Descubriendo Perú (Parte II)
28 Abril, 2011
Terrazas en Písac y Fortaleza de Ollantaytambo
Mercado textil de Písac y Semana Santa en Chincheros
Clase al completo en la Plaza de Armas de Cuzco. Prueba del Cuy
Por la mañana tempranito salimos en minibus hacia Ollantaytambo y de allí fuimos en el tren hacia Aguas Calientes bajándonos 8 kilómetros antes de llegar. Justo ahí comienzó el examen final que sería una caminata de día completo hacia el asentamiento inca. El equipo estaba formado por 8 intrépidos aventureros y una profesora nativa especializada en la materia.
Recién bajados del tren y alistados para comenzar la aventura
Una vez alistados con litros de crema solar y loción antimosquitos echamos a andar por un escarpado camino en la ladera de la montaña. Para recuperar el aliento entre escalón y escalón, la profesora Juana Sonia nos explicaba cómo transportaban los incas la roca desde las montañas hasta el asentamiento, la cantidad de variedades de papas que se cultivaban en Perú y que aunque este año se cumplía el centenario del descubrimiento de Machupicchu, aún se desconocía el porqué del abandono de la ciudad. Se barajaban 3 teorías: epidemia, invasión enemiga o muerte del soberano, pero a día de hoy no se sabían las causas exactas.

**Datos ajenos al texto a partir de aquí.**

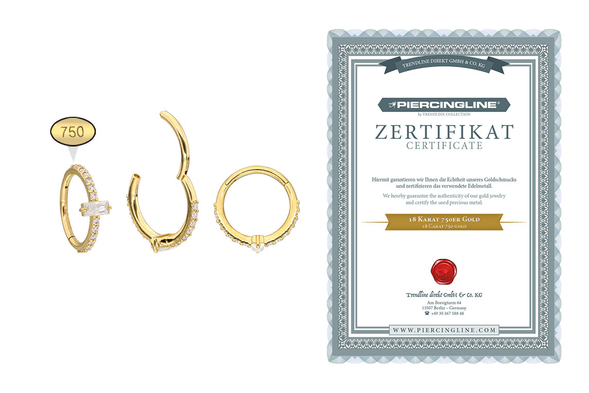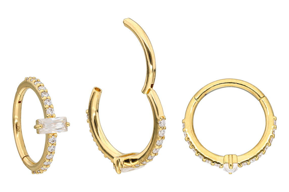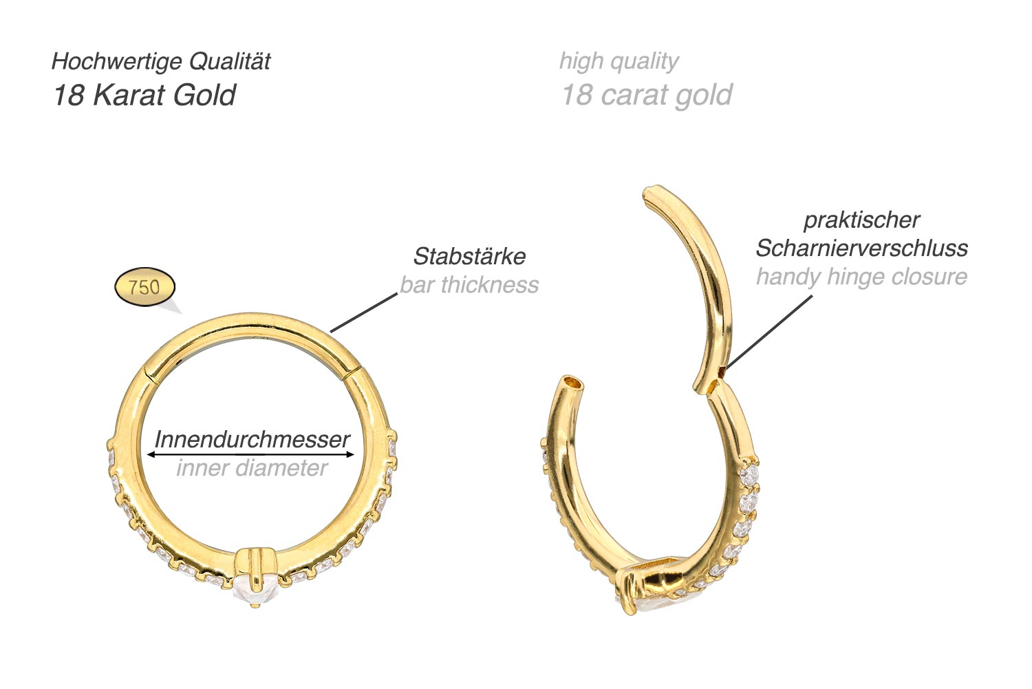 Easy handling and gorgeous design - that is what our clickers are all about! The main feature of the clickers is the practical hinge, which simplifies the piercing's insertion. Except for the moissanites, this precious clicker is made entirely of high quality 18 carat (750) yellow gold, which in addition to its excellent quality also knows how to impress with properties such as good skin compatibility and high durability. The moissanite gives the piece of jewellery its extraordinary, diamond-like shine. Each and every one of our gold items is handcrafted with great attention to detail, making it one of a kind. As a special highlight, the design in form of a moissanite rectangle, which is surrounded by several moissanites, adorns the stylish clicker. Whether at the ear, the nose or the lip - our clickers are suitable for a variety of different piercing locations. This clicker has a bar thickness of 1.2 mm, while its available inner diameters are listed below.

Con la profe Juana Sonia en un parada técnica
Y bueno, ni los trastornos intestinales ni el mal de altura, ni siquiera animalillos salvajes como tarántulas o culebras evitaron que alcanzáramos nuestra meta. Justo antes de la puesta del sol llegamos a Machupicchu con una sonrisa de oreja a oreja.
Sobran las palabras
Despues de tanto esfuerzo no nos quedaba otra opción que cenar, ducharnos e irnos a dormir ya que al día siguiente, para subir nota, tendríamos que madrugar de nuevo. Y digo madrugar por llamarlo de alguna forma porque levantarse a las 3am es algo más que eso. El Waynapicchu es el monte que está justo detrás del poblado de Machupicchu y que sale en todas las fotos. Se tarda una hora en subir a su cima a pie y ofrece una panorámica del lugar bastante impresionante. El único problema (aparte de la verticalidad del camino y la falta de oxígeno) es que para preservar el entorno solo admite 400 visitantes al día. Así que hubo que hacer 3 horas de cola para conseguir la entradita.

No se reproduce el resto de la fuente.